In the data below, reproduce everything exactly except the images.

§ MATERIAL PROVIDED

----

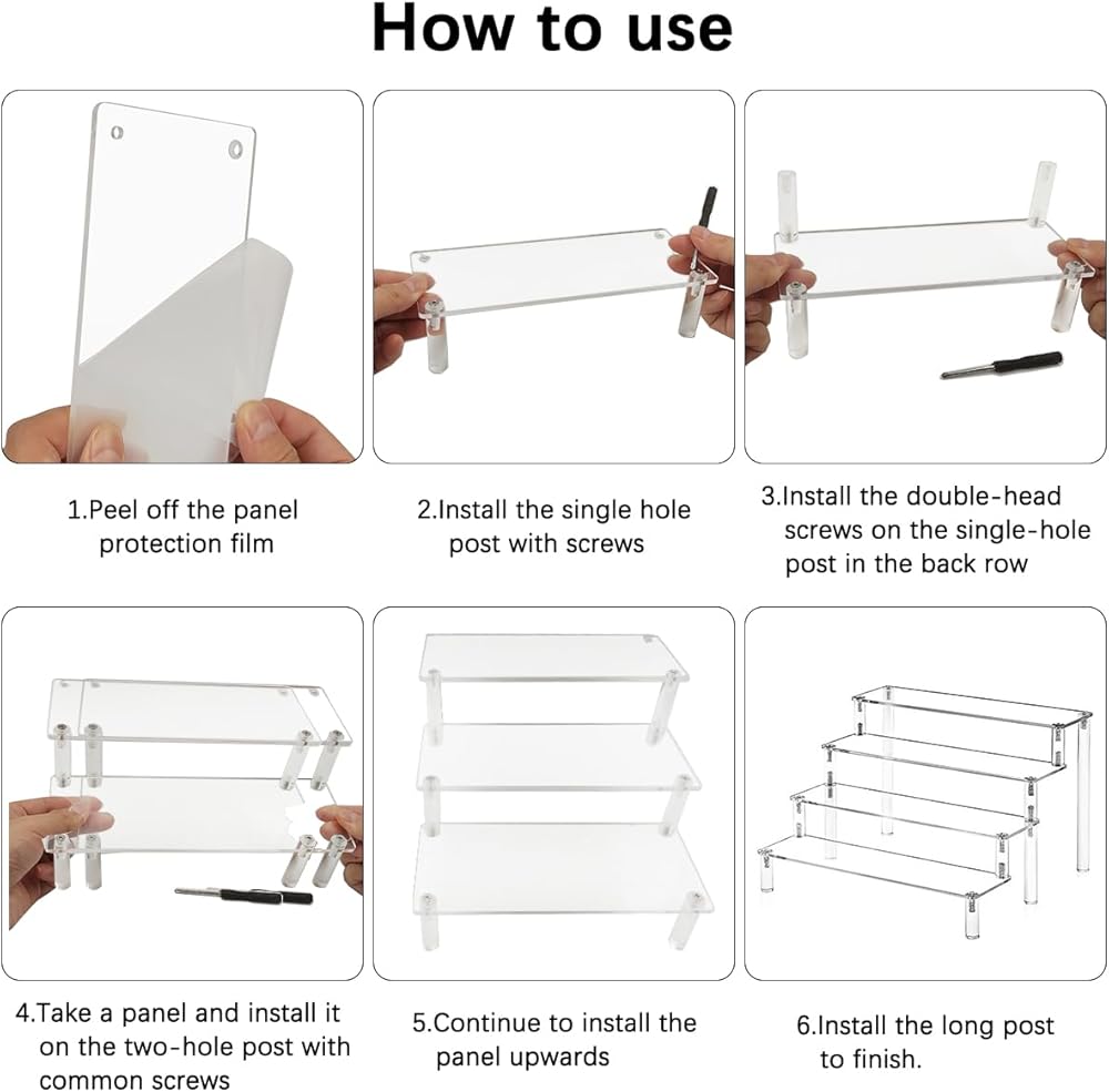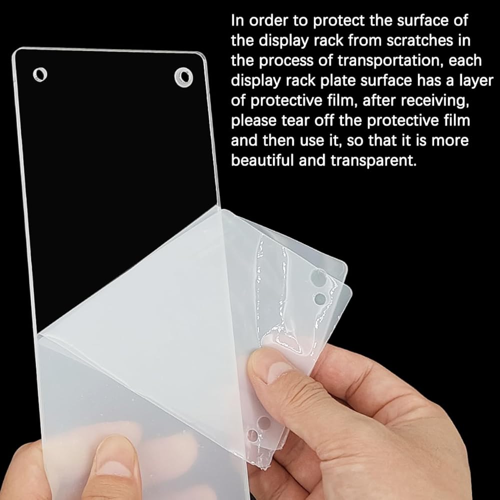 CAVEAT: In order to protect the surface of the display rack from scratches in the process of transportation, each display rack plate surface has a layer of protective film, after receiving, please tear off the protective film and then use it, so that it is more beautiful and transparent. If you are not satisfied with the product or there is any issue with the product, please contact with us and we will solve it for you.
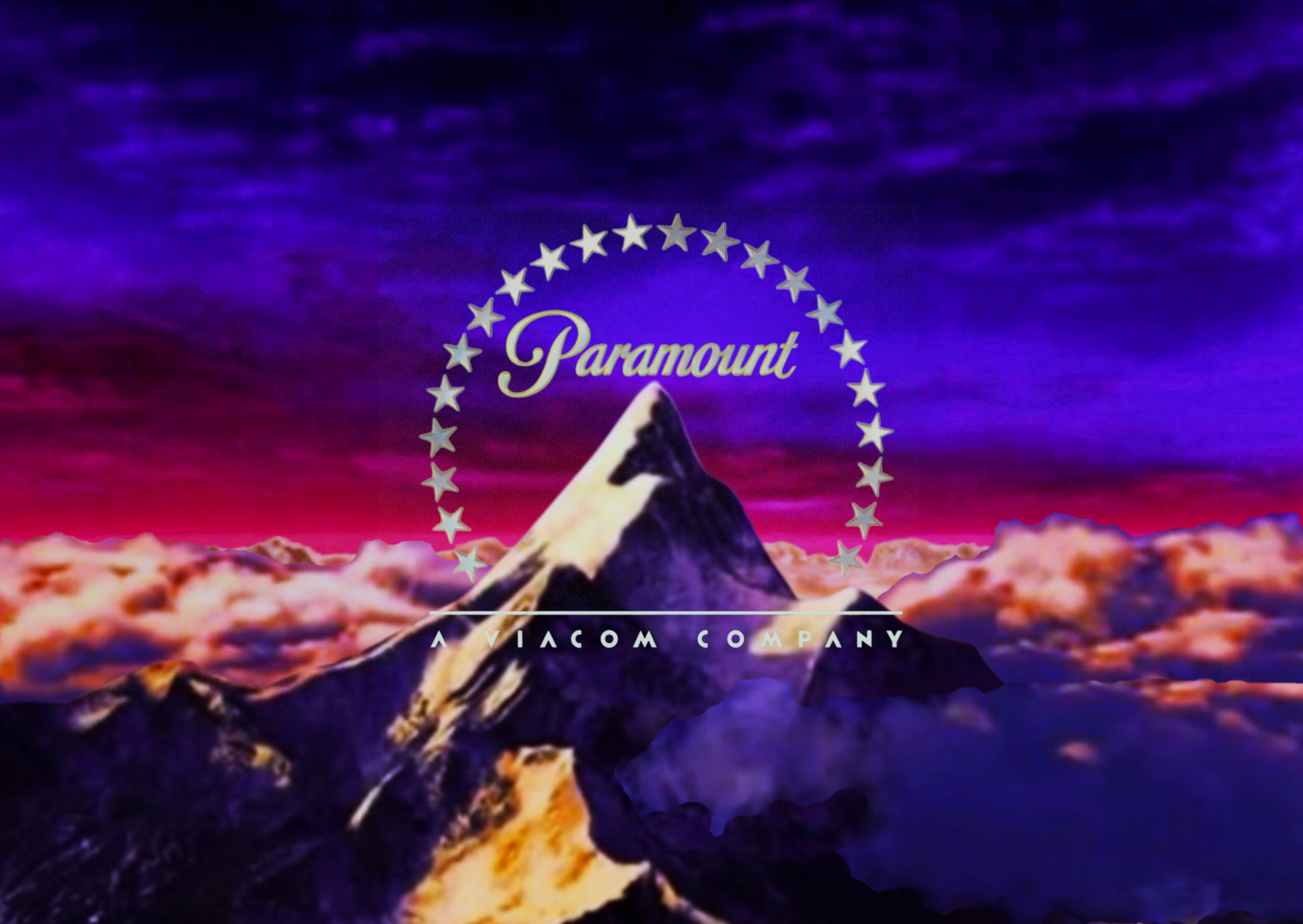 Logo: We see a majestic shot of a large amount of clouds, high over the earth, in space. In the distance, comet-like objects descend from the sky and as they zoom towards us, we see that they are the trademark Paramount stars, shooting towards us. The shot appears to "shimmer" a bit and then we see that we've been watching a reflection all along; the stars have been reflected through the familiar "Paramount" script. It too descends through the clouds above the stars, until we see a familiar mountain coming into view, now on a majestic sunrise-like background and surrounded by clouds. The stars zoom in below the script logo, which is now a silver color with a golden border, twisting and encircling the mountain. The script logo assumes its position above the mountain peak as the logo is completely formed. The Viacom byline then fades in under the logo.
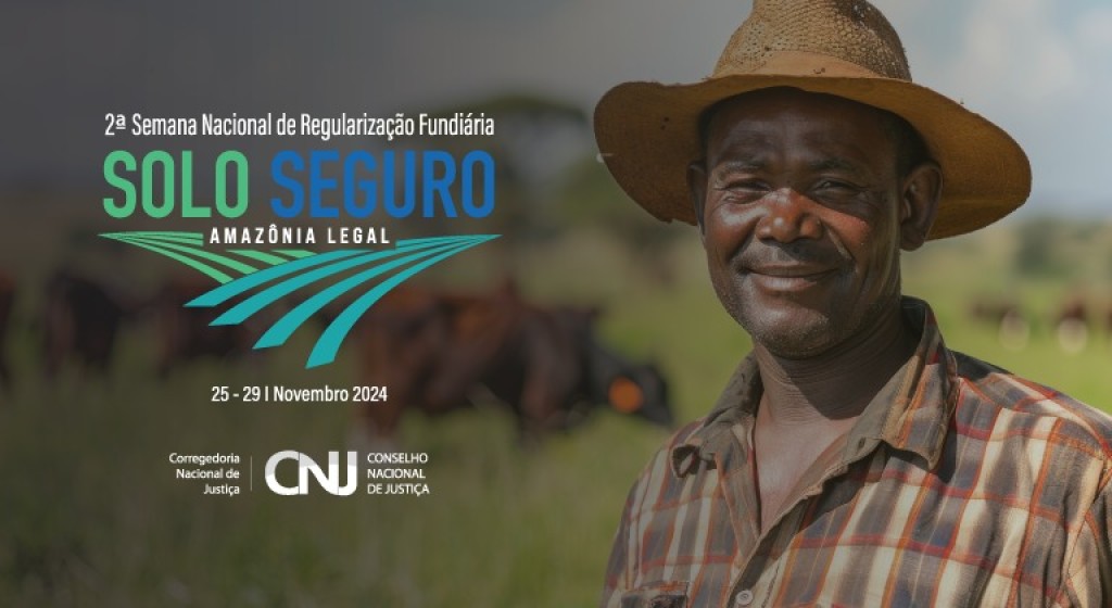 #ParaTodosVerem: esta matéria possui recursos de texto alternativo para promover a inclusão de pessoas com deficiência visual. Foto 1: peça publicitária com imagem de um homem negro usando chapéu de palha e camisa xadrez. Ao fundo, uma fazenda com bois desfocados. No canto direito, está a logo da 2ª edição da Semana Nacional de Regularização Fundiária Solo Seguro – Amazônia Legal e a data 25-29 de novembro de 2024.

----

§ EXERCISE OUTPUT
 CAVEAT: In order to protect the surface of the display rack from scratches in the process of transportation, each display rack plate surface has a layer of protective film, after receiving, please tear off the protective film and then use it, so that it is more beautiful and transparent. If you are not satisfied with the product or there is any issue with the product, please contact with us and we will solve it for you.
 Logo: We see a majestic shot of a large amount of clouds, high over the earth, in space. In the distance, comet-like objects descend from the sky and as they zoom towards us, we see that they are the trademark Paramount stars, shooting towards us. The shot appears to "shimmer" a bit and then we see that we've been watching a reflection all along; the stars have been reflected through the familiar "Paramount" script. It too descends through the clouds above the stars, until we see a familiar mountain coming into view, now on a majestic sunrise-like background and surrounded by clouds. The stars zoom in below the script logo, which is now a silver color with a golden border, twisting and encircling the mountain. The script logo assumes its position above the mountain peak as the logo is completely formed. The Viacom byline then fades in under the logo.
 #ParaTodosVerem: esta matéria possui recursos de texto alternativo para promover a inclusão de pessoas com deficiência visual. Foto 1: peça publicitária com imagem de um homem negro usando chapéu de palha e camisa xadrez. Ao fundo, uma fazenda com bois desfocados. No canto direito, está a logo da 2ª edição da Semana Nacional de Regularização Fundiária Solo Seguro – Amazônia Legal e a data 25-29 de novembro de 2024.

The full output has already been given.